The first cubesat to fly and work on the moon has successfully arrived

The first cubesat to fly and work on the moon has successfully arrived

The CAPSTONE payload can be seen here, atop an Electron rocket in New Zealand.
enlarge / The CAPSTONE payload can be seen here, atop an Electron rocket in New Zealand.

Rocket Lab

After a nearly five-month journey far beyond the moon and back, the small CAPSTONE spacecraft has successfully entered orbit around the moon.

“We’ve received confirmation that CAPSTONE has arrived in a near-linear halo orbit, and that’s a huge, huge step for the agency,” NASA’s head of exploration systems development, Jim Free, said Sunday evening. “It just completed its first insert fire a few minutes ago. And in the coming days they will continue to refine its orbit and be the first cube sat to fly to the moon and operate.”

This is an important job for NASA, and a special one, because it’s really stable and only needs a small amount of propellant to hold its position. At its closest point to the moon, it passes about a week-long orbit within 3,000 km of the lunar surface, and at other points it is 70,000 km away. NASA plans to build a small space station here later this decade, called the Lunar Gateway.

But before then, the agency starts out small. CAPSTONE is a shoddy, commercial mission that was funded in part by a $13.7 million grant from NASA. Developed by a Colorado-based company called Advanced Space, with help from Terran Orbital, the spacecraft itself is modest in size, just a 12U cube with a mass of about 25 kg. It would fit comfortably in a mini fridge.

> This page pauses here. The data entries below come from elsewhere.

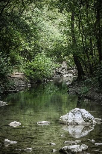 Keywords: forest water green rock stone reflection trees tree stream river torrent
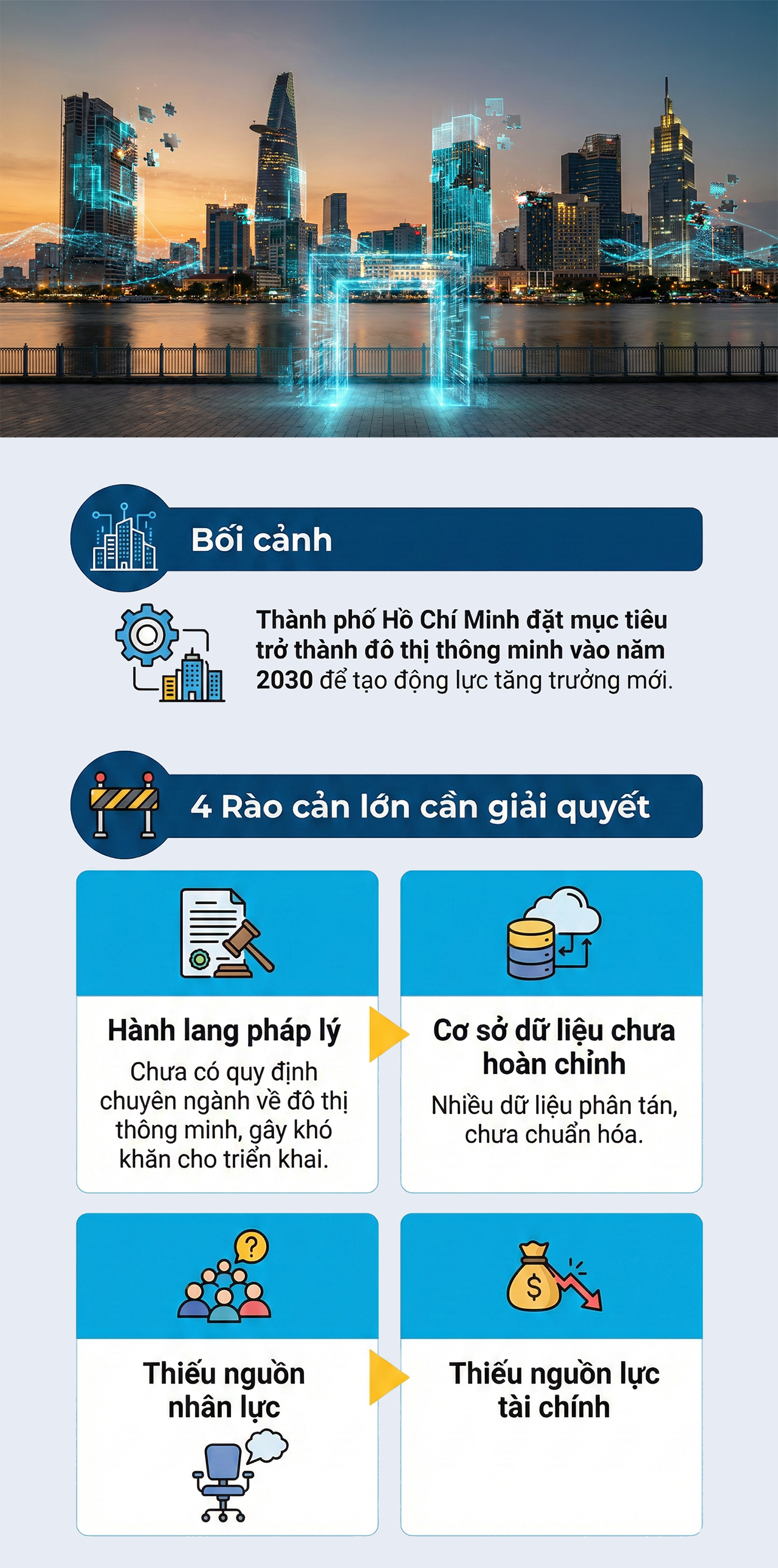 Thành phố Hồ Chí Minh đang đứng trước “ngưỡng cửa” chuyển mình lịch sử khi đặt ra mục tiêu phấn đấu trở thành đô thị thông minh vào năm 2030 nhằm tạo động lực tăng trưởng mới. Tuy nhiên, để trở thành đô thị thông minh vào năm 2030, Thành phố Hồ Chí Minh cần giải quyết đồng bộ các rào cản lớn:
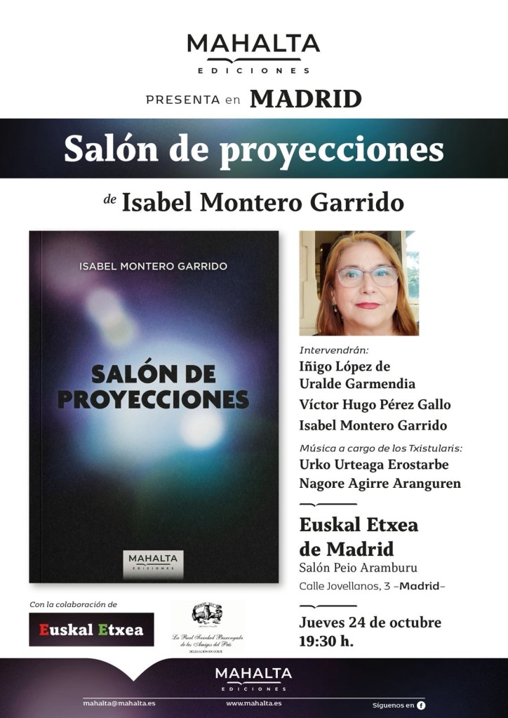 “Salón de Proyecciones” es un libro de relatos escritos a lo largo del tiempo. Si bien Isabel no pretende un hilo conductor entre unos y otros, ese hilo invisible existe. Es el resultado de un “asombro” en la mirada lo que me permite retratar diferentes aspectos y situaciones que acontecen a los seres humanos.

The spacecraft was launched on an Electron rocket from New Zealand in late June. Electron is the smallest rocket that launches a payload to the moon, and the manufacturer, Rocket Lab, emphasized the capabilities of the booster and its Photon upper stage to send CAPSTONE on its long journey to the moon. This was Rocket Lab’s first deep space mission.

After separating from its rocket, the spacecraft traveled to the moon for nearly five months, following what’s known as a ballistic lunar transfer that uses the sun’s gravity to track a vast trajectory. On the way, the flight controllers managed to solve a running problem which could otherwise have resulted in the loss of the spacecraft. This was a roundabout that put the spacecraft at a distance of more than three times that between the Earth and the Moon before curving back, but relatively little propellant was needed to reach its destination.

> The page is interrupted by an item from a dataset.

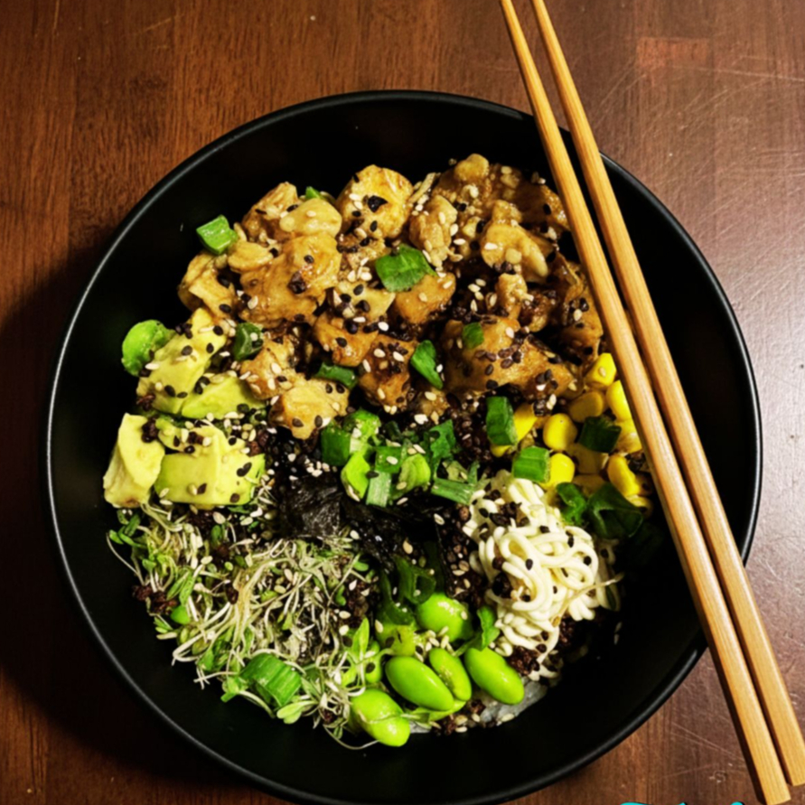 Base de arroz, pollo, elotitos, queso crema, aguacate, adamames, germinado y alga. Bañado en salsa ponzu y teriyaki con chispas de ajonjolí, cebollín y chips de ajo.

For example, the combustion CAPSTONE performed Sunday night to transition into a nearly rectilinear halo orbit was extremely small. According to advanced spacethe vehicle burned its bow thruster at about 0.44 Newtons for 16 minutes, which is equivalent to the weight of about nine pieces of standard printer paper.

CAPSTONE will not only serve as a pathfinder in this new orbit – verifying the theoretical properties modeled by NASA engineers – it will also demonstrate a new system of autonomous navigation around and near the moon. This Cislunar Autonomous Positioning System, or CAPS, is important because there is a lack of fixed tracking resources near the moon, especially as the cislunar environment becomes more crowded in the coming decade.

The mission is scheduled to operate in this orbit for at least six months.